REQUIREMENT:
If an entry holds a picture, leave the picture out and copy the rest exactly.

Recorded data:
---*---

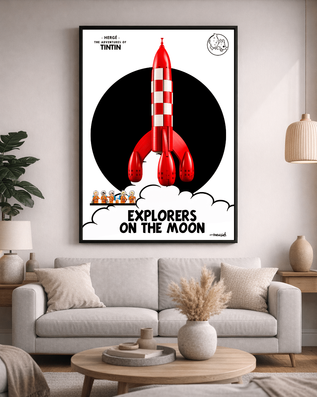 Digital poster compatible with LEGO® Tintin Rocket display, designed to enhance your setup with a clean and iconic design inspired by Explorers on the Moon.
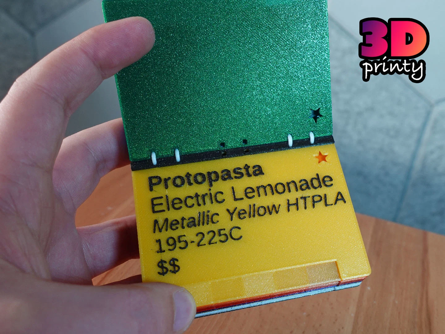 Booklet mẫu filament gọn gàng để lưu và so sánh màu/vật liệu. Dự án OpenSCAD cho phép tùy biến nhanh bằng cách nhập thông số, rồi export STL để in. Có hướng dẫn in, lắp dây TPU/thun và giấy phép CC BY.
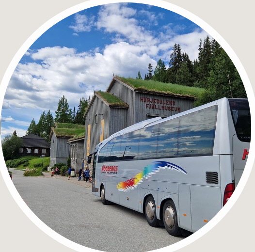 • Vår bekväma buss tar oss, bland annat, upp på Flatruet – Sveriges högst belägna väg som går över en kalfjällsplatå på 975 m.ö.h. Vägen invigdes den 11 juli 1938.
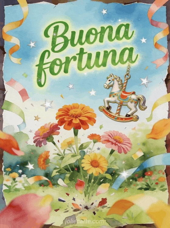 Augura buona fortuna con un brillante portafortuna a forma di cavallo da giostra, fiori di zinnia, stelle filanti di carta e coriandoli a stella in un giardino gioioso. Puoi inviare anche una buona fortuna per i tuoi esami gif, una buona fortuna esame gif animate gif o cartoline virtuali buona fortuna.
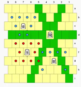 All normal shogi rules apply, including initial setup (see diagram), drops, promotion, and so on. The pieces, however, have specially defined moves.
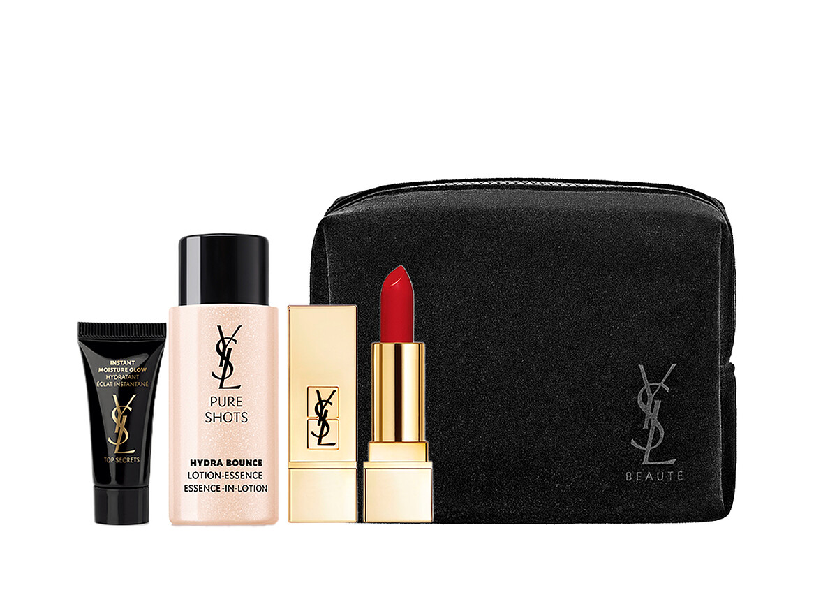 極效活萃澎潤能量露10ml+名模肌密光燦水凝露5ml+奢華緞面唇膏精巧版01+YSL奢華黑絲絨化妝包。
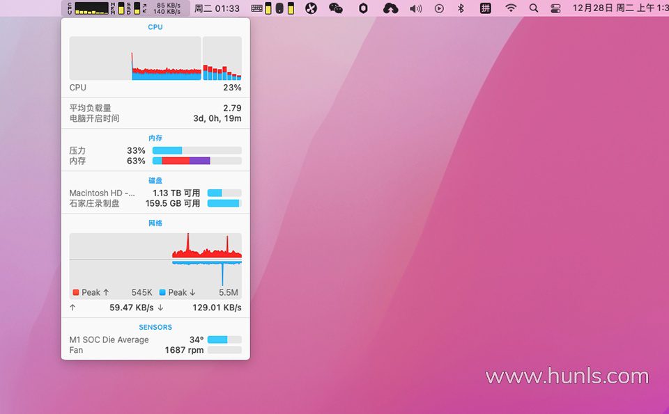 iStat Menus 中文破解版是一款位于macOS状态栏菜单的系统活动监控器,可以帮助您轻松监控系统活动和资源使用情况。您可以及时查看分析您的CPU和GPU,内存,磁盘,网络,传感器,电池或时间,别外还支持在mac的任务栏显示天气,iStat Menus 是用于监控系统状态的不二之选,装机必备,不容错过!
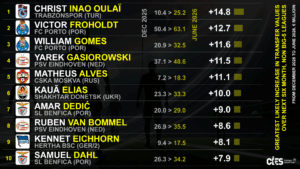 Já o meia Matheus Alves aparece em 5º lugar na projeção de valorização. Hoje o Made in Cotia possui valor estimado de 7,2 milhões de euros, com projeção de alcançar 18,3 milhões de euros nos próximos seis meses, como indicou o CIES, instituição reconhecida por análises estatísticas e projeções de mercado no esporte.

---*---

OUTPUT OF THE EXERCISE:
 Digital poster compatible with LEGO® Tintin Rocket display, designed to enhance your setup with a clean and iconic design inspired by Explorers on the Moon.
 Booklet mẫu filament gọn gàng để lưu và so sánh màu/vật liệu. Dự án OpenSCAD cho phép tùy biến nhanh bằng cách nhập thông số, rồi export STL để in. Có hướng dẫn in, lắp dây TPU/thun và giấy phép CC BY.
 • Vår bekväma buss tar oss, bland annat, upp på Flatruet – Sveriges högst belägna väg som går över en kalfjällsplatå på 975 m.ö.h. Vägen invigdes den 11 juli 1938.
 Augura buona fortuna con un brillante portafortuna a forma di cavallo da giostra, fiori di zinnia, stelle filanti di carta e coriandoli a stella in un giardino gioioso. Puoi inviare anche una buona fortuna per i tuoi esami gif, una buona fortuna esame gif animate gif o cartoline virtuali buona fortuna.
 All normal shogi rules apply, including initial setup (see diagram), drops, promotion, and so on. The pieces, however, have specially defined moves.
 極效活萃澎潤能量露10ml+名模肌密光燦水凝露5ml+奢華緞面唇膏精巧版01+YSL奢華黑絲絨化妝包。
 iStat Menus 中文破解版是一款位于macOS状态栏菜单的系统活动监控器,可以帮助您轻松监控系统活动和资源使用情况。您可以及时查看分析您的CPU和GPU,内存,磁盘,网络,传感器,电池或时间,别外还支持在mac的任务栏显示天气,iStat Menus 是用于监控系统状态的不二之选,装机必备,不容错过!
 Já o meia Matheus Alves aparece em 5º lugar na projeção de valorização. Hoje o Made in Cotia possui valor estimado de 7,2 milhões de euros, com projeção de alcançar 18,3 milhões de euros nos próximos seis meses, como indicou o CIES, instituição reconhecida por análises estatísticas e projeções de mercado no esporte.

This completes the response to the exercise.